▶ _WORK ITEM_:
Repeat the listing exactly. Pictures stay out of your copy.

(THE DATA begins)

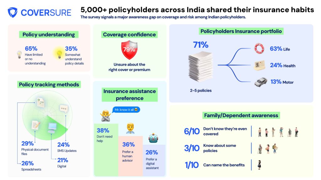 79% Indians Unsure About Adequate Insurance Coverage: A recent report by leading InsurTech firm CoverSure has revealed an alarming reality: a staggering 79% of Indian policyholders are uncertain if their insurance coverage is sufficient. Despite owning life, health, and motor insurance policies, most individuals remain unaware of what their plans actually cover. This points to a critical gap not just in financial literacy but also in the way insurance is sold and explained to consumers in India.
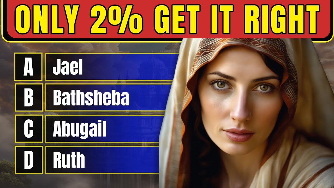guidance question 24 four which woman was known for her bravery in driving a tent Peg through the head of an enemy General a gel B Deborah C Ruth D Abigail you get 10 seconds [Music] that's a the correct answer was JL in judges 4: 21 the passage narrates the account of gel the wife of Heber who fatally strikes an enemy Commander named cesera as Cera lay asleep and exhausted JL approaches him quietly and uses a tent peg in Hammer to drive the peg through his temples into the ground causing his death this event is a
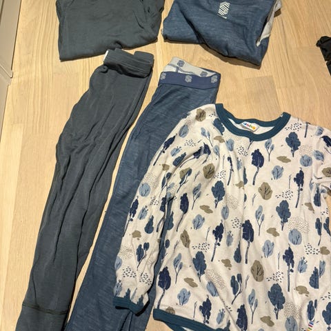 Ull/ fleece pakke til barnehage/ skolebruk. 4 stillongs, hvorav 1 fleece. 3 gensere og en trøye. Et fleece sett komplett. Noe flekker kan forekomme derav postet til barnehagebruk.
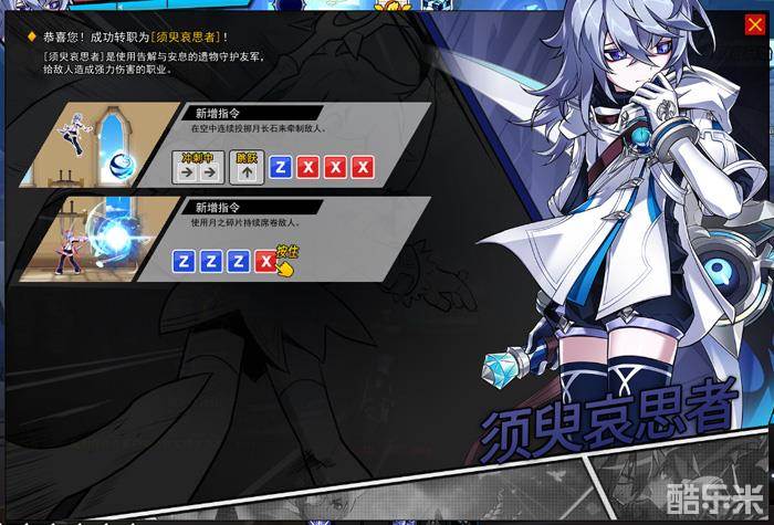 转职后的诺亚可以在邮箱内收到他的一转晋级宝箱,开启后可获得同立绘相同的装备奖励。“须臾哀思者”是心中怀有悲伤,追逐月光前进的少年,他可以使用告解与安息的遗物,通过灵活运用月之力守护友军、处置敌人来打破悲剧的枷锁。代表性的技能“宣告”,在召唤的告解的遗物周围涌现神圣的月光。能够断罪敌人的告解之光会在月光攻击的地方出现,触碰月光的友军会增加部分技能伤害。
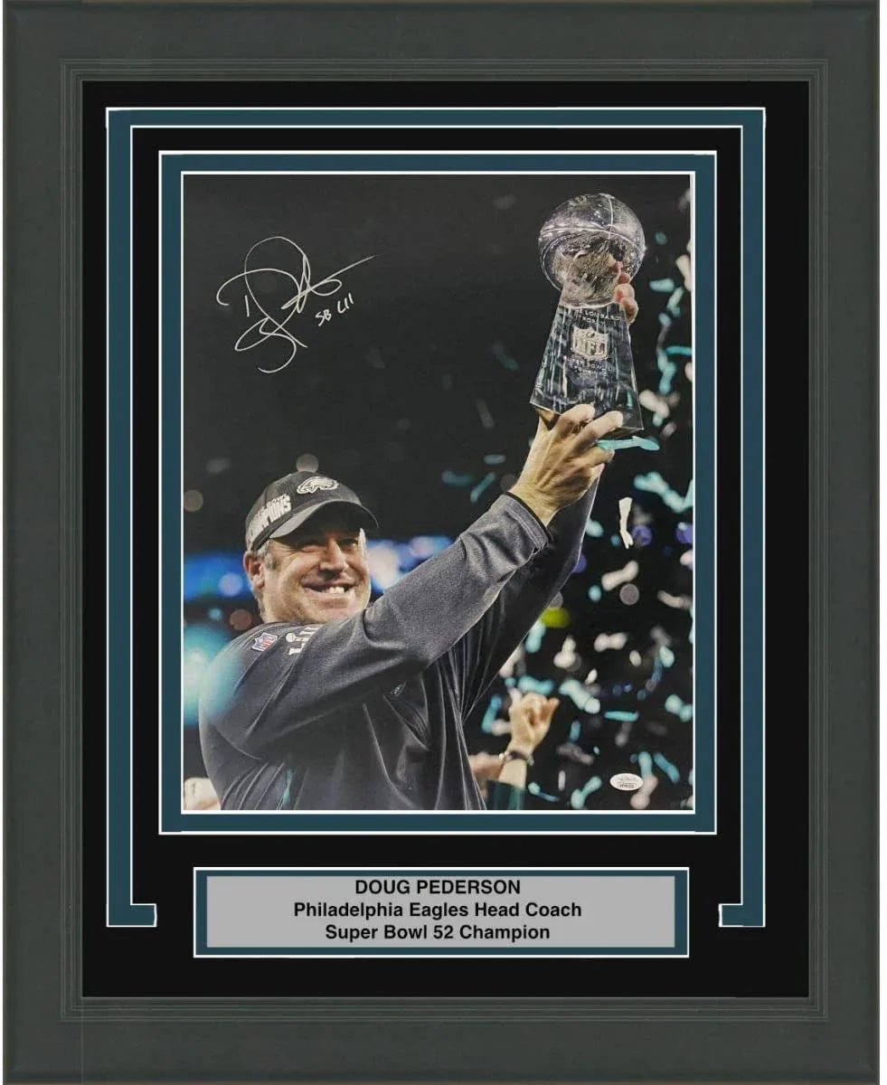 Framed Autographed/Signed Doug Pederson Inscribed SB LII Philadelphia Eagles Super Bowl 52 Champions 16x20 Football Photo JSA COA
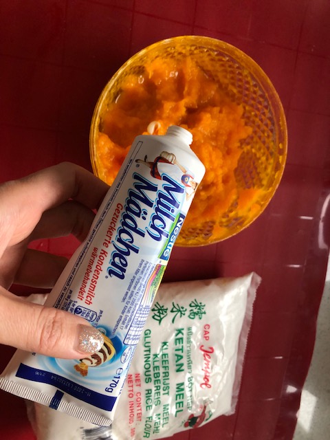 2. 南瓜蒸熟後,將皮挑出,剩餘壓碎成南瓜泥,並趁熱加入適量糖粉及煉乳。
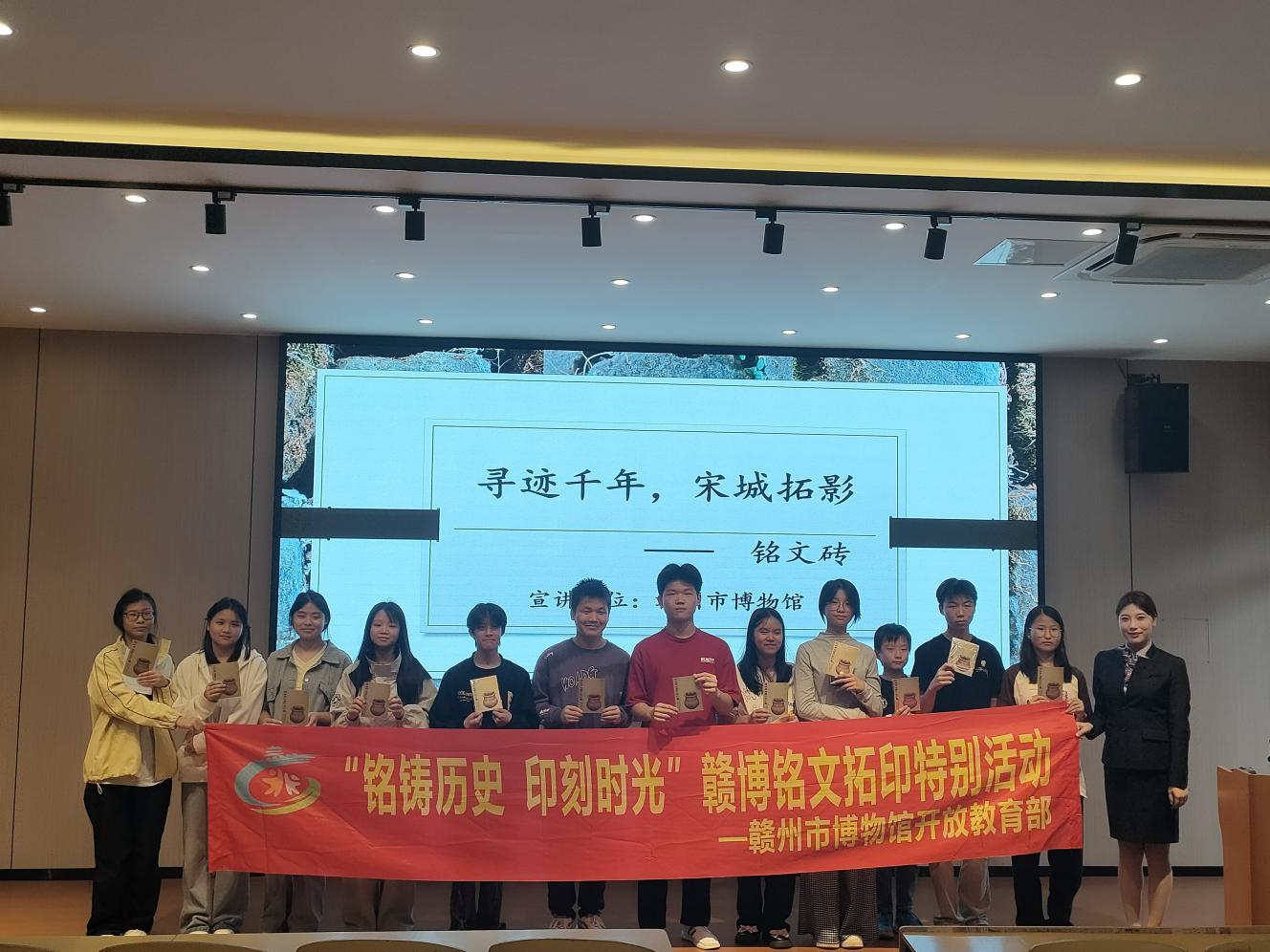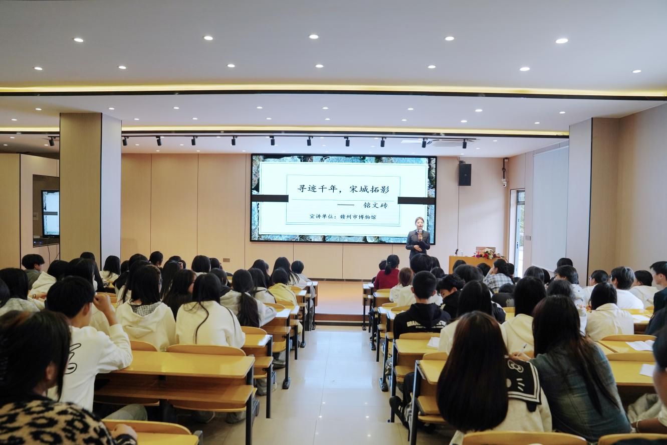 为弘扬中华优秀传统文化,增强学生历史文化素养,10月30日,我校邀请赣州市博物馆在学术报告厅隆重举办“铭铸历史 印刻时光”铭文拓印主题讲座。本次活动由学校领导杨宏瑜主持,赣州市博物馆黄琛老师担任主讲,讲座吸引了200余名学生聆听。

(THE DATA ends)

▶ _RESPONSE FOR THIS EXERCISE_:
 79% Indians Unsure About Adequate Insurance Coverage: A recent report by leading InsurTech firm CoverSure has revealed an alarming reality: a staggering 79% of Indian policyholders are uncertain if their insurance coverage is sufficient. Despite owning life, health, and motor insurance policies, most individuals remain unaware of what their plans actually cover. This points to a critical gap not just in financial literacy but also in the way insurance is sold and explained to consumers in India.
guidance question 24 four which woman was known for her bravery in driving a tent Peg through the head of an enemy General a gel B Deborah C Ruth D Abigail you get 10 seconds [Music] that's a the correct answer was JL in judges 4: 21 the passage narrates the account of gel the wife of Heber who fatally strikes an enemy Commander named cesera as Cera lay asleep and exhausted JL approaches him quietly and uses a tent peg in Hammer to drive the peg through his temples into the ground causing his death this event is a
 Ull/ fleece pakke til barnehage/ skolebruk. 4 stillongs, hvorav 1 fleece. 3 gensere og en trøye. Et fleece sett komplett. Noe flekker kan forekomme derav postet til barnehagebruk.
 转职后的诺亚可以在邮箱内收到他的一转晋级宝箱,开启后可获得同立绘相同的装备奖励。“须臾哀思者”是心中怀有悲伤,追逐月光前进的少年,他可以使用告解与安息的遗物,通过灵活运用月之力守护友军、处置敌人来打破悲剧的枷锁。代表性的技能“宣告”,在召唤的告解的遗物周围涌现神圣的月光。能够断罪敌人的告解之光会在月光攻击的地方出现,触碰月光的友军会增加部分技能伤害。
 Framed Autographed/Signed Doug Pederson Inscribed SB LII Philadelphia Eagles Super Bowl 52 Champions 16x20 Football Photo JSA COA
 2. 南瓜蒸熟後,將皮挑出,剩餘壓碎成南瓜泥,並趁熱加入適量糖粉及煉乳。
 为弘扬中华优秀传统文化,增强学生历史文化素养,10月30日,我校邀请赣州市博物馆在学术报告厅隆重举办“铭铸历史 印刻时光”铭文拓印主题讲座。本次活动由学校领导杨宏瑜主持,赣州市博物馆黄琛老师担任主讲,讲座吸引了200余名学生聆听。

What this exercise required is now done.